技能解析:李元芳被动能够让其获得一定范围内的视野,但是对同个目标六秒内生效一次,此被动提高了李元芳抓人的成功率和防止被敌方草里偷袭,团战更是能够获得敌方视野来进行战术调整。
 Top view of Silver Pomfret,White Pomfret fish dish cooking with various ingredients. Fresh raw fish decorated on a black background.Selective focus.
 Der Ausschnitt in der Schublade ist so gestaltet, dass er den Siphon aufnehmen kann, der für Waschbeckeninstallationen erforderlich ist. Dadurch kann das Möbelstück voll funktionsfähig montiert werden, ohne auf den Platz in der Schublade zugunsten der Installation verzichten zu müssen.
+ + + + +
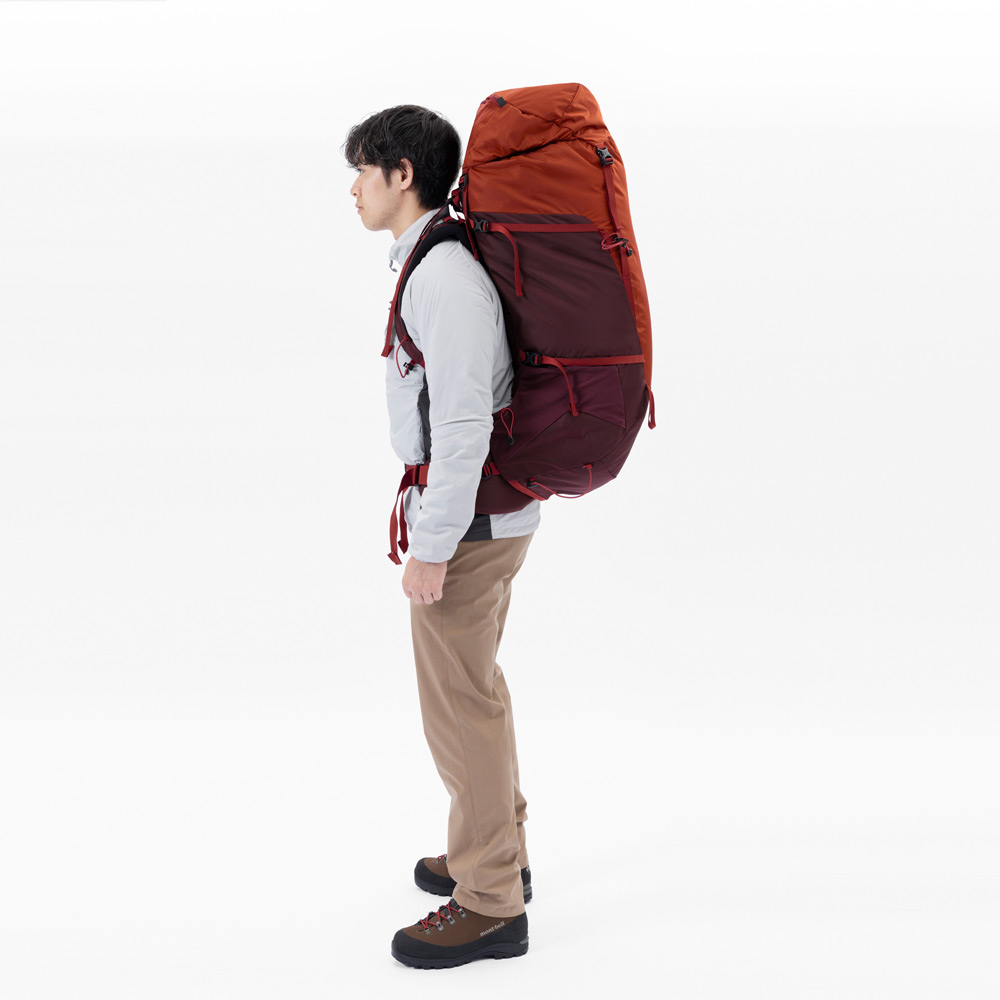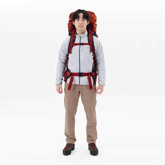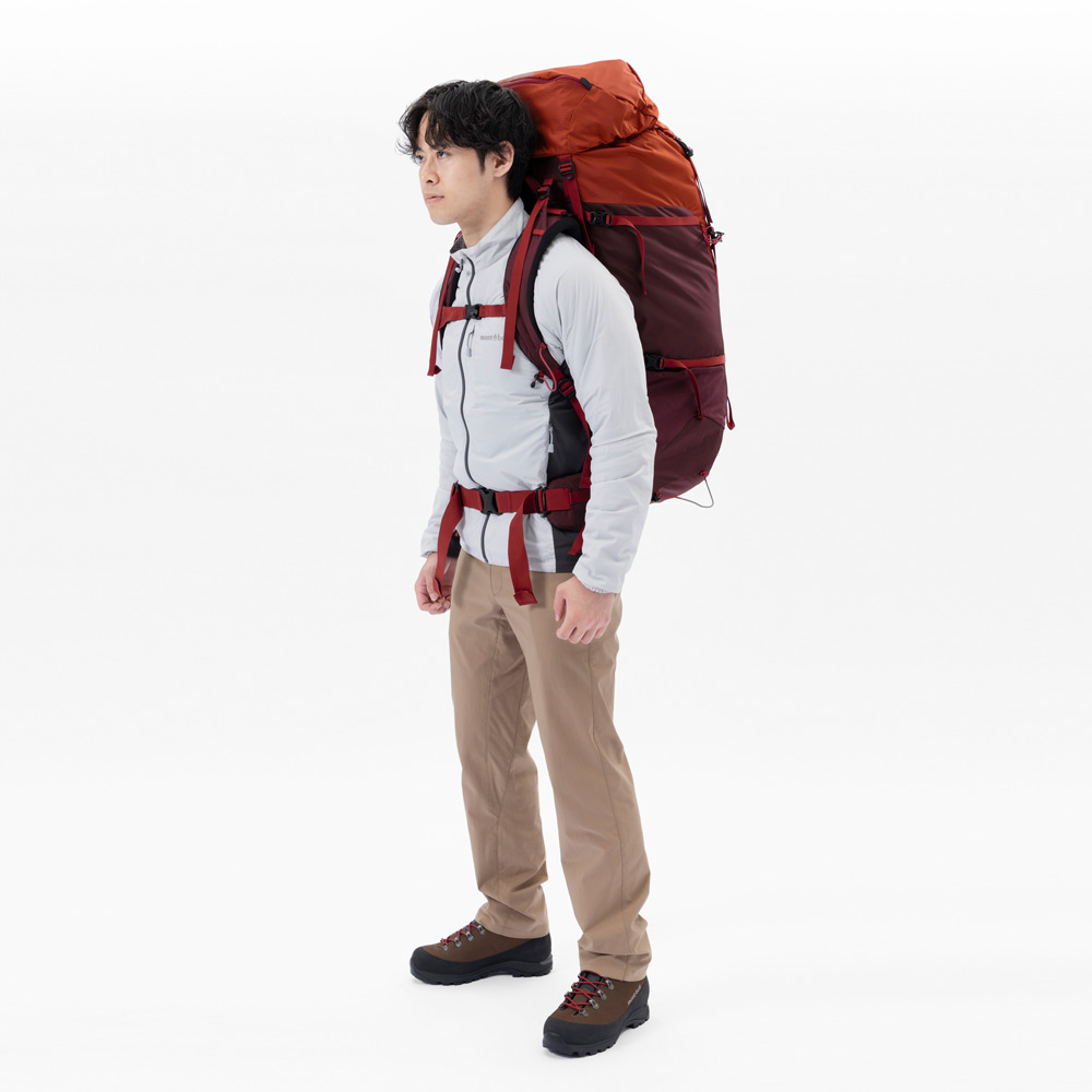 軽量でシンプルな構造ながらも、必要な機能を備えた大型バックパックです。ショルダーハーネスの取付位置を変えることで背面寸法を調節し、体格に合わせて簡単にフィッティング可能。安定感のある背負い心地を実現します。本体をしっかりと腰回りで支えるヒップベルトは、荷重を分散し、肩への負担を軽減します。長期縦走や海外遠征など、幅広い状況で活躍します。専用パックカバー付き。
+ + + + +
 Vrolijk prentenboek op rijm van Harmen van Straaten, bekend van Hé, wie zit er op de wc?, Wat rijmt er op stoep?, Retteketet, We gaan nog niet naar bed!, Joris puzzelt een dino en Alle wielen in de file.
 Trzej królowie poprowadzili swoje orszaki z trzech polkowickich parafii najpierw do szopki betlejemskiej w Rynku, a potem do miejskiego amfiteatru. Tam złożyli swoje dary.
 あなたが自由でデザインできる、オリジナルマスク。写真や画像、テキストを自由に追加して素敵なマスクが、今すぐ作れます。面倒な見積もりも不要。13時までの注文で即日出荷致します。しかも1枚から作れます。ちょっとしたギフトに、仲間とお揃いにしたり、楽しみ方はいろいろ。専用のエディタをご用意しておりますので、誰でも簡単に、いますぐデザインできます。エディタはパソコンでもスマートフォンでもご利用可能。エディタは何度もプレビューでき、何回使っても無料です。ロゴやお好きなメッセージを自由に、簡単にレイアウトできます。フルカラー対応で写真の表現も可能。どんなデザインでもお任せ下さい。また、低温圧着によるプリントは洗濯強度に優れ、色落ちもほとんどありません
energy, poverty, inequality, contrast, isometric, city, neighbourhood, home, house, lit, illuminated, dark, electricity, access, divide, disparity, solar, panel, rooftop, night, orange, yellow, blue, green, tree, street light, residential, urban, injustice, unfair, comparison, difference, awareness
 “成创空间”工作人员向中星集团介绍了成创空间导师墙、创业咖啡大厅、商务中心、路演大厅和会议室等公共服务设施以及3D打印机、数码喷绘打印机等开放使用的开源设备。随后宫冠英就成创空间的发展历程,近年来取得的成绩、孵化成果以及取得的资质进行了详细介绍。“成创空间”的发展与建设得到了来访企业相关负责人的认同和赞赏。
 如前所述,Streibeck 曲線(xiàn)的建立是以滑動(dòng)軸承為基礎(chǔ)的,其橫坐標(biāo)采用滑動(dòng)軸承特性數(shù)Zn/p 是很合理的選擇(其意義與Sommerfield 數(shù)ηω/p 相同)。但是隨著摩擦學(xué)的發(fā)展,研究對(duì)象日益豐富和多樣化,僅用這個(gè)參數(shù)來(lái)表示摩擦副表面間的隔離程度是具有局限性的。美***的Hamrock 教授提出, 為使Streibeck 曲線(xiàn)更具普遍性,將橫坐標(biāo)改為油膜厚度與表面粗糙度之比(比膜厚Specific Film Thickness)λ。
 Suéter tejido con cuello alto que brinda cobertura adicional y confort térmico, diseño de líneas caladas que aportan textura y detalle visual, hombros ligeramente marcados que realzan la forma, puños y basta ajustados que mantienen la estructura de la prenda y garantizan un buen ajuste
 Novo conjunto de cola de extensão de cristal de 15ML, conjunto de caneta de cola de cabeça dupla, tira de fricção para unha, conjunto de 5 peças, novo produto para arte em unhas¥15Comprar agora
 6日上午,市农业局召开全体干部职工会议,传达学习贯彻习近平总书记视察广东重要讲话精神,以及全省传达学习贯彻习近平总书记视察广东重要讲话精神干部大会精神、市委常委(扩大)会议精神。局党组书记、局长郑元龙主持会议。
+ + + + +
__Work instruction__.
Print the lines above from the one with "あなたが自由でデザインできる" through the one with "6日上午,市农业局召开全体干", both included, exactly as written and nothing more.

__Answer__.
 あなたが自由でデザインできる、オリジナルマスク。写真や画像、テキストを自由に追加して素敵なマスクが、今すぐ作れます。面倒な見積もりも不要。13時までの注文で即日出荷致します。しかも1枚から作れます。ちょっとしたギフトに、仲間とお揃いにしたり、楽しみ方はいろいろ。専用のエディタをご用意しておりますので、誰でも簡単に、いますぐデザインできます。エディタはパソコンでもスマートフォンでもご利用可能。エディタは何度もプレビューでき、何回使っても無料です。ロゴやお好きなメッセージを自由に、簡単にレイアウトできます。フルカラー対応で写真の表現も可能。どんなデザインでもお任せ下さい。また、低温圧着によるプリントは洗濯強度に優れ、色落ちもほとんどありません
energy, poverty, inequality, contrast, isometric, city, neighbourhood, home, house, lit, illuminated, dark, electricity, access, divide, disparity, solar, panel, rooftop, night, orange, yellow, blue, green, tree, street light, residential, urban, injustice, unfair, comparison, difference, awareness
 “成创空间”工作人员向中星集团介绍了成创空间导师墙、创业咖啡大厅、商务中心、路演大厅和会议室等公共服务设施以及3D打印机、数码喷绘打印机等开放使用的开源设备。随后宫冠英就成创空间的发展历程,近年来取得的成绩、孵化成果以及取得的资质进行了详细介绍。“成创空间”的发展与建设得到了来访企业相关负责人的认同和赞赏。
 如前所述,Streibeck 曲線(xiàn)的建立是以滑動(dòng)軸承為基礎(chǔ)的,其橫坐標(biāo)采用滑動(dòng)軸承特性數(shù)Zn/p 是很合理的選擇(其意義與Sommerfield 數(shù)ηω/p 相同)。但是隨著摩擦學(xué)的發(fā)展,研究對(duì)象日益豐富和多樣化,僅用這個(gè)參數(shù)來(lái)表示摩擦副表面間的隔離程度是具有局限性的。美***的Hamrock 教授提出, 為使Streibeck 曲線(xiàn)更具普遍性,將橫坐標(biāo)改為油膜厚度與表面粗糙度之比(比膜厚Specific Film Thickness)λ。
 Suéter tejido con cuello alto que brinda cobertura adicional y confort térmico, diseño de líneas caladas que aportan textura y detalle visual, hombros ligeramente marcados que realzan la forma, puños y basta ajustados que mantienen la estructura de la prenda y garantizan un buen ajuste
 Novo conjunto de cola de extensão de cristal de 15ML, conjunto de caneta de cola de cabeça dupla, tira de fricção para unha, conjunto de 5 peças, novo produto para arte em unhas¥15Comprar agora
 6日上午,市农业局召开全体干部职工会议,传达学习贯彻习近平总书记视察广东重要讲话精神,以及全省传达学习贯彻习近平总书记视察广东重要讲话精神干部大会精神、市委常委(扩大)会议精神。局党组书记、局长郑元龙主持会议。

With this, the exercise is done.